* _Stored data_:
▶
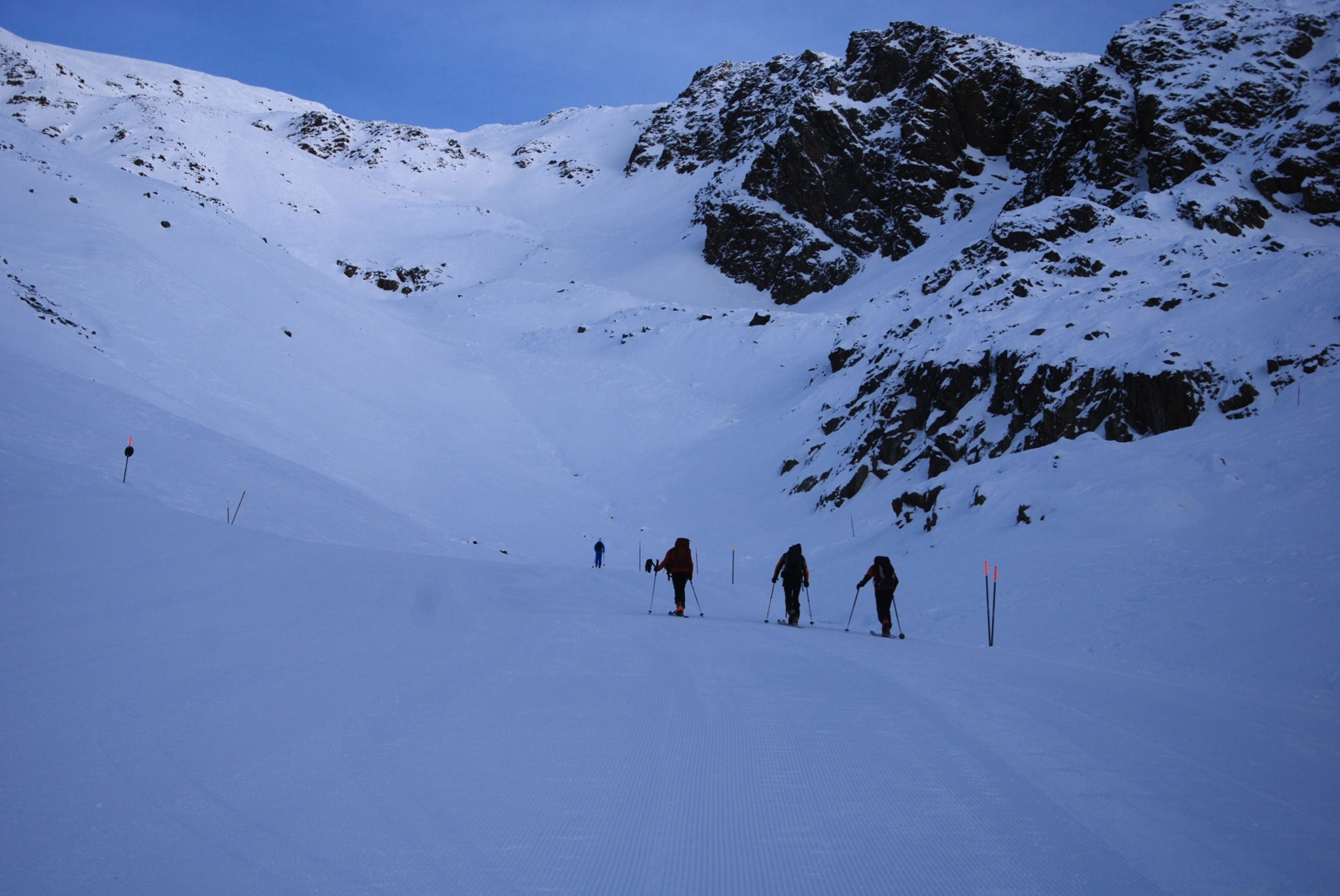 Der Aufstieg über die Pisten ist im Schnalstal grundsätzlich verboten und nur vor Aufnahme des Pistenbetriebes geduldet. Im unteren Bereich dieser Tour läßt sich aber ein Begehen der Pisten nicht vermeiden. Um Konfrontationen jeglicher Art zu vermeiden, früh aufbrechen und hintereinander am äußersten Pistenrand aufsteigen.
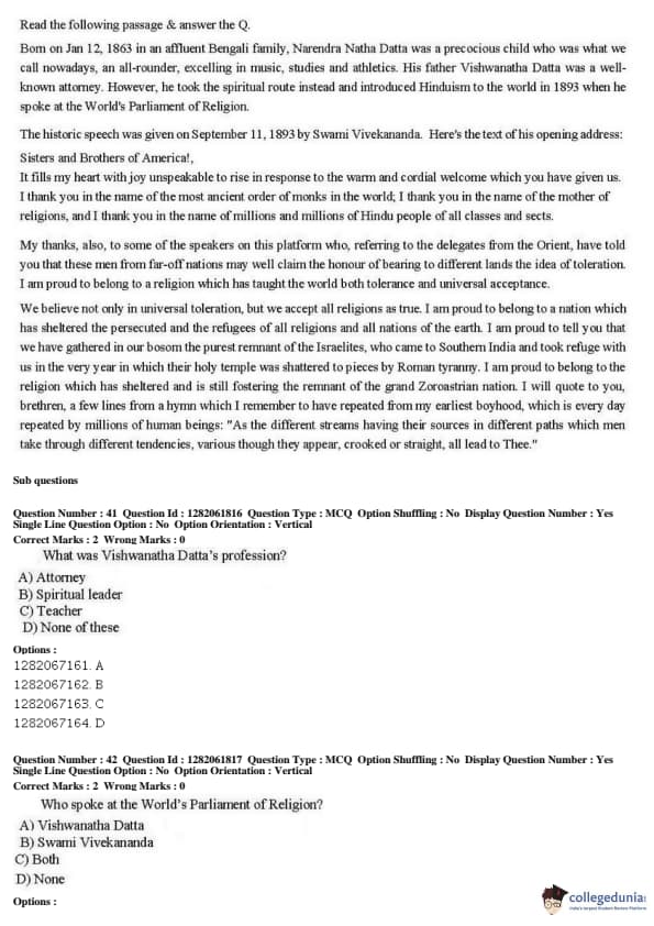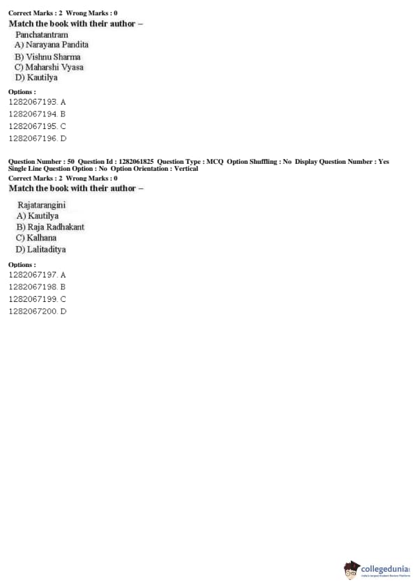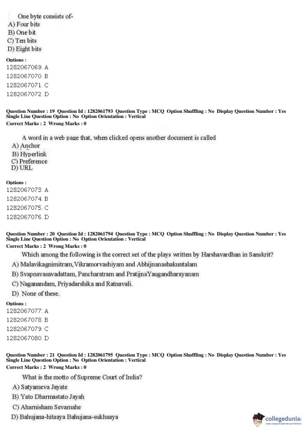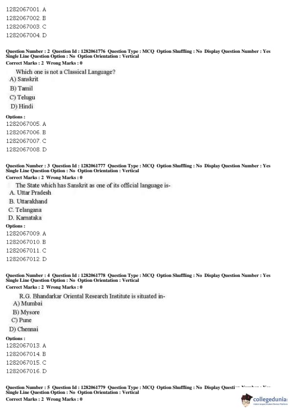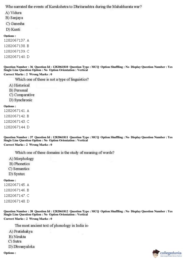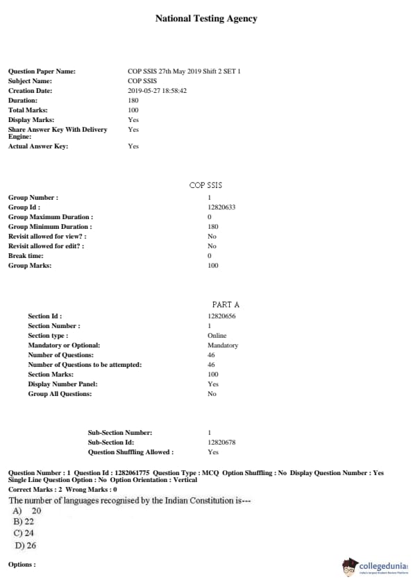 JNUEE 2019 COP SSIS Question paper with answer key pdf conducted on May 27, 2019 is available for download. The exam was successfully organized by National Testing Agency (NTA). The question paper comprised a total of 50 questions.
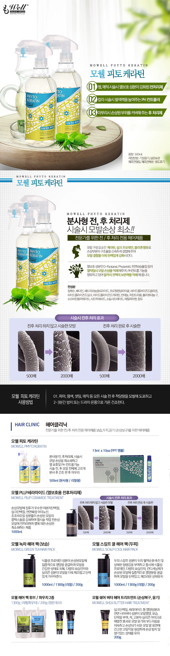 | [사용방법] - 파마, 염색, 셋팅, 매직 등 모든 시술 전 후 적당량을 모발에 도포하고 2~3분간 방치 또는 드라이 온풍으로 가온 건조한다. |
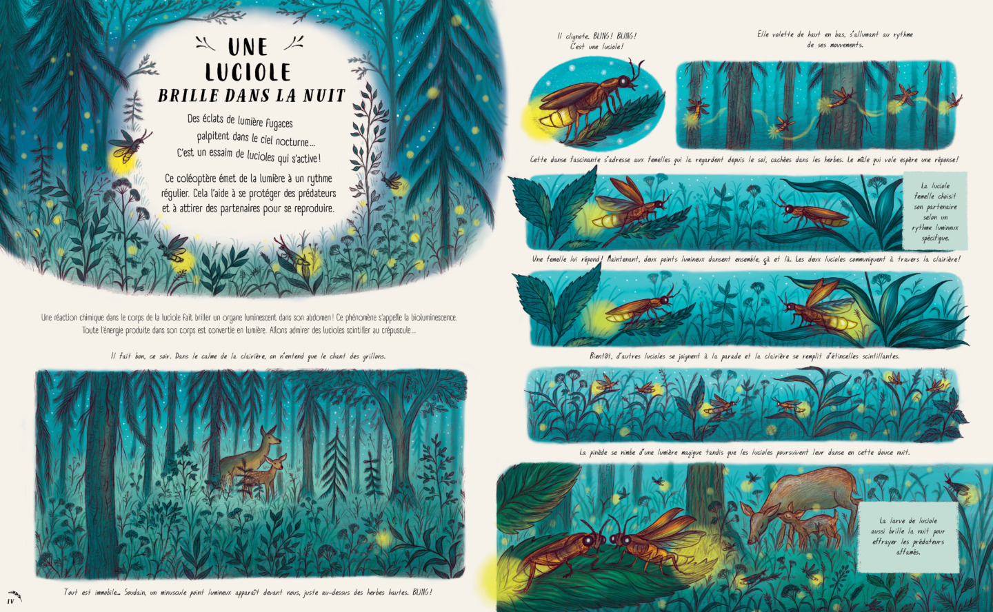 Et si nous prenions le temps d’observer toutes les merveilles et les secrets que recèle la nature ? Une fourmi construit son nid, une abeille fabrique du miel, un champignon s’épanouit… Autant de petits miracles à découvrir au fil des pages.
◀
* _Instructions for the task_:
Output the listing above exactly, pictures omitted.

* _Result of this task_:
 Der Aufstieg über die Pisten ist im Schnalstal grundsätzlich verboten und nur vor Aufnahme des Pistenbetriebes geduldet. Im unteren Bereich dieser Tour läßt sich aber ein Begehen der Pisten nicht vermeiden. Um Konfrontationen jeglicher Art zu vermeiden, früh aufbrechen und hintereinander am äußersten Pistenrand aufsteigen.
 JNUEE 2019 COP SSIS Question paper with answer key pdf conducted on May 27, 2019 is available for download. The exam was successfully organized by National Testing Agency (NTA). The question paper comprised a total of 50 questions.
 | [사용방법] - 파마, 염색, 셋팅, 매직 등 모든 시술 전 후 적당량을 모발에 도포하고 2~3분간 방치 또는 드라이 온풍으로 가온 건조한다. |
 Et si nous prenions le temps d’observer toutes les merveilles et les secrets que recèle la nature ? Une fourmi construit son nid, une abeille fabrique du miel, un champignon s’épanouit… Autant de petits miracles à découvrir au fil des pages.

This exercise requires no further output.